This column is about words. More specifically, it is about words that have no direct translation in English. If words give shape to thoughts and communication, then hopefully these words can provide you, dear reader, with more eloquent and shapely thoughts. This week’s word is ‘Ilunga’ [ee-LOON-gah] an elegantly succinct word from Tshiluba, a Bantu language spoken in the Democratic Republic of the Congo. Ilunga is used to describe someone “ready to forgive any abuse for the first time, to tolerate it a second time, but never a third time.” Ilunga is of interest because it conveys a complexity of meaning, with three distinct emotional responses expressed in a single lexical unit. Ilunga does not suggest merely a ‘three strikes policy.’ It also captures the dynamic process of a gradual shift in attitude from tolerance to intolerance. Ilunga describes a world that is not black and white, but rather a world with continuous and evolving shades of meaning.
These shades of meaning can be understood as a consequence of imperfect information. In everyday life we are never presented with the full set of facts surrounding any event or person. Putting aside questions about the existence of an ‘objective’ world (an ontological question which is prone to cause paralytic breakdowns in the author), the crucial point is that our perception of whatever is happening at any given moment is going to be constrained by the limitations of human nature. There is only a finite amount we can see, hear and think when making sense of an infinitely complex reality. One can never truly ‘know’ someone or something. You can see more of their character or learn more about their history, but in the end this remains only a partial impression of the totality. Faced with this problem we can make do, but our understanding is going to be at best a provisional heuristic for understanding what is actually happening. This suggests that we should constantly adapt and update what we think about the world as we get new information. Unfortunately this can be rather hard, and people are usually bad at this form of Bayesian reasoning. If you are familiar with the ‘Monty Hall Problem,’ you will know what I mean.

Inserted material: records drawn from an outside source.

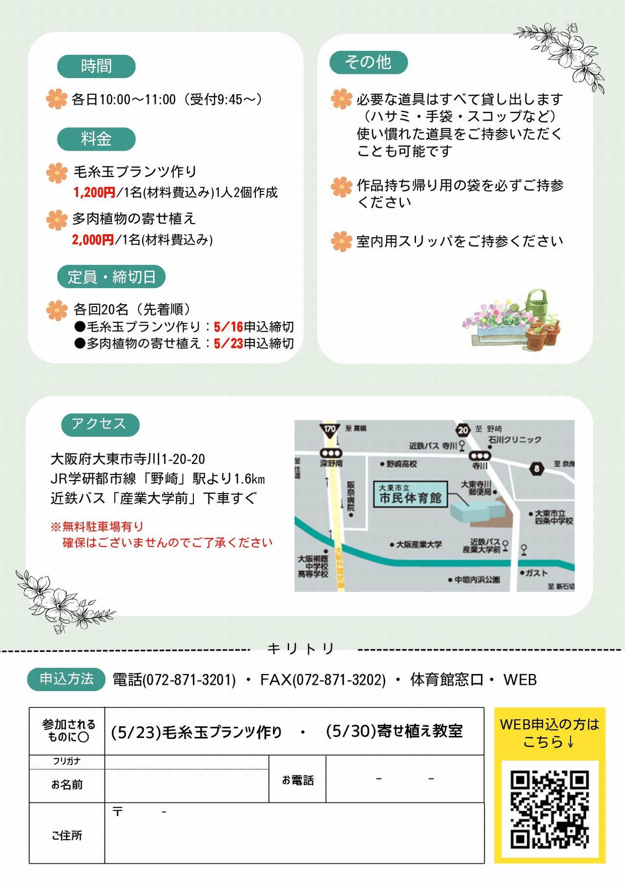 ・参加申込書(チラシ下部) ※申込フォームからお申込みの際は、備考欄に参加希望のワークショップ名をご記入ください。 (入力例:毛糸玉プランツづくり/多肉植物の寄せ植え教室)
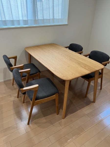 北名古屋市のお客様、北欧風ナチュラル天然木オーク無垢材ダイニングセット納品しました。
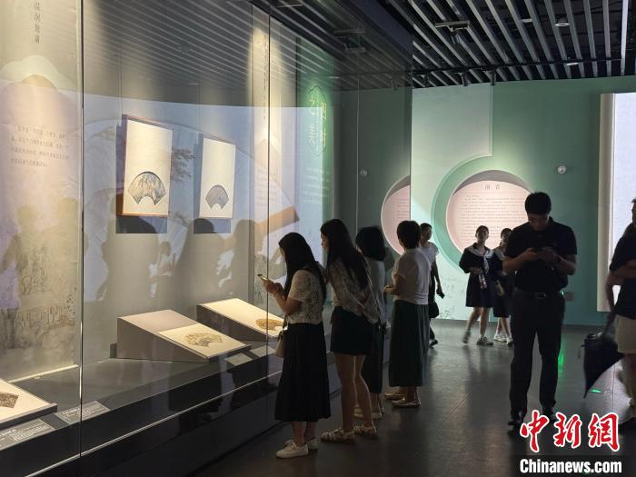 中新網(wǎng)南寧7月10日電 (張廣權(quán))7月10日,廣西壯族自治區(qū)博物館內(nèi),76件明清扇面山水珍品集中呈現(xiàn),吸引游客駐足圍觀。
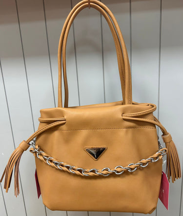 Soft shoulder bag with chain detailing
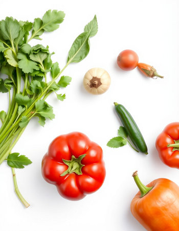 Close-up of half yellow bell pepper, red tomato and dill on white background with copy space.

Therefore, ilunga. You treat someone differently based on what they do, but this is an evolution or a dynamic which occurs over time, and not something clean and clear-cut. This is particularly interesting when considered in the context of Bantu philosophy. The Bantu conception of time is rather unique. For the Bantu, time is not an independent attribute. Time is instead tied up with space and events to weave a compositional picture of the set of events around the present. The future is either no-time, because it is simply too uncertain and not causally coupled with the now, or it is potential-time, if it is a relatively inevitable event like the rising of the sun. This conception of time takes the acceptance of imperfect information to the extreme, as in it the existence of things and time can only be related to things which are knowable in the present. All other events are treated as radically uncertain. A word of warning: lecturers tend not to be receptive to my explanations of why I need an extension of assessments. If you intend to contemplate such questions, I would recommend doing so with a brandy sour, accompanied by some Ali Farka Toure. Gomni in particular has melodic tunes well suited to existential ponderings.